Deliberative alignment seems to have improved the fit for OpenAI’s o-series models—that is, the models answered more questions that OpenAI considered safe and rejected those that were unsafe. In a benchmark called Pareto, which measures a model’s resistance to common jailbreaks, StrongREJECT (12), o1-preview outperformed GPT-4o, Gemini 1.5 Flash, and Claude 3.5 Sonnet.
“(Advisory matching) is the first approach to directly teach a model the text of its security specifications and train the model to reason about those specifications during inference,” OpenAI said. blog accompanies the study. “This results in safer responses that are appropriately calibrated in a given context.”
Although consultative adaptation occurred in the inference phase, this method also included some new methods in the post-training phase. Usually, thousands of people are required after training Contracted through companies like Scale AI, Labeling and generating responses to train AI models.
However, OpenAI says it developed this method without using any human-written responses or chains of thought. Instead, the company used synthetic data: examples to learn from an AI model generated by another AI model. There are often concerns about quality when using synthetic data, but OpenAI says it was able to achieve high accuracy in this case.
OpenAI tasked its internal reasoning model with generating examples of thought-chain responses that refer to different parts of a company’s security policy. To evaluate whether these patterns are good or bad, OpenAI used another built-in AI reasoning model, which it calls a “judge.”
The researchers then trained o1 and o3 on these samples, a phase known as supervised fine-tuning, so that the models would learn to imagine the relevant parts of the security policy when asked about sensitive topics. The reason OpenAI did this was because it asked o1 to read the company’s entire security policy — which is quite a long document — creating high latency and unnecessarily expensive computational costs.

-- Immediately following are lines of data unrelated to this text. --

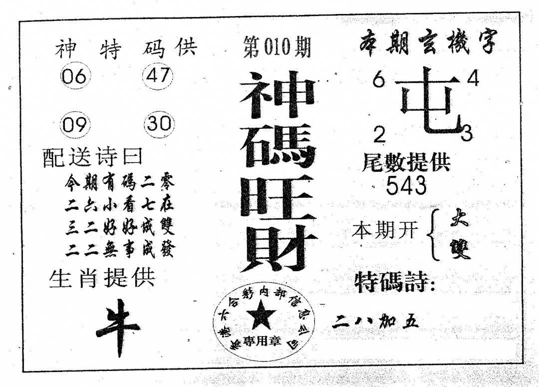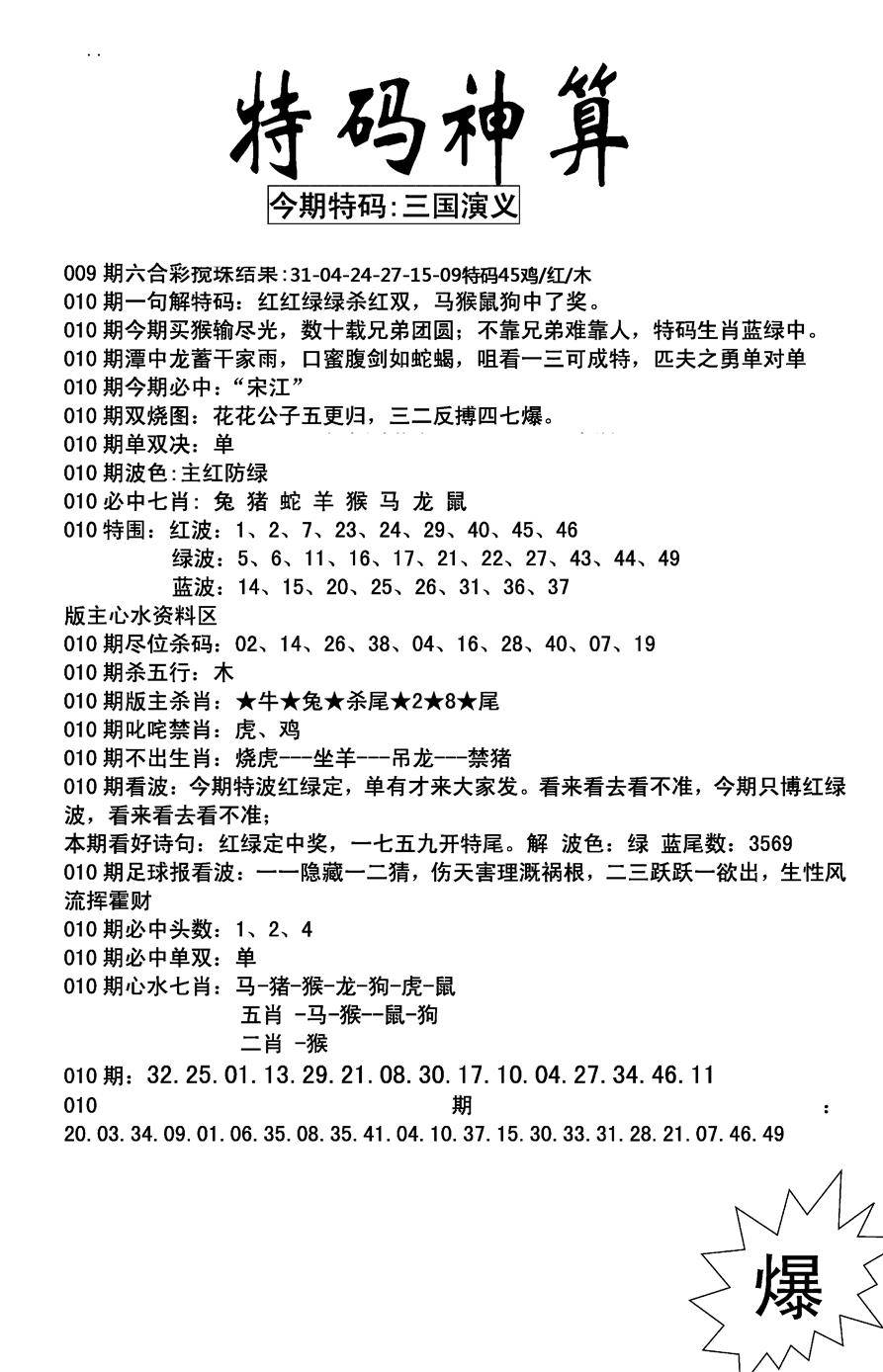 另版心水特码(早图)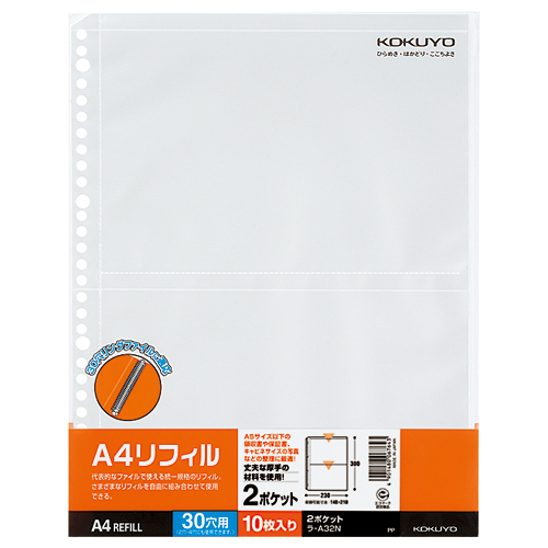 A4リフィル 2ポケット A4縦 30穴 10枚入 ラ-A32N
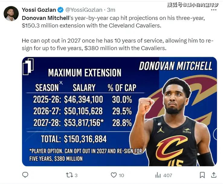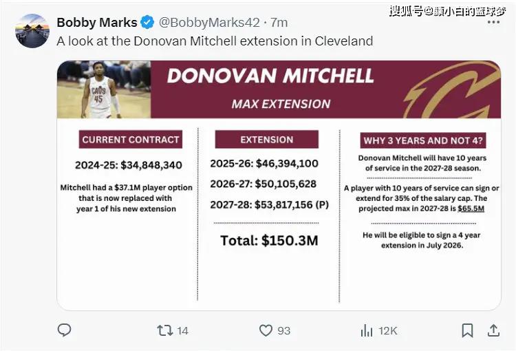 沃神的文中写道:米切尔这份三年1.503亿的续约是MAX续约,其中包含27-28赛季的球员选项。骑士一度为米切尔提供了四年的顶薪合同,因为米切尔没有到达10年的服务标准,他无法获得最大顶薪,他在2027年有希望获得一份超越3.8亿的五年顶薪续约资格。

Researchers at the company also say that OpenAI used the same “ruling” AI model for another post-training phase, called reinforcement learning, to evaluate the responses given by o1 and o3. Reinforcement learning and supervised fine-tuning are not new, but OpenAI says that using synthetic data to power these processes can offer a “scalable approach to smoothing.”
Of course, we’ll have to wait until it’s released to the public to judge how advanced and secure o3 is. The o3 model is planned to go on sale in 2025.
Overall, OpenAI says that deliberative compliance can be a way to ensure that AI reasoning models are consistent with human values moving forward. As thought models become more robust and given more agency, these security measures may become increasingly important to the company.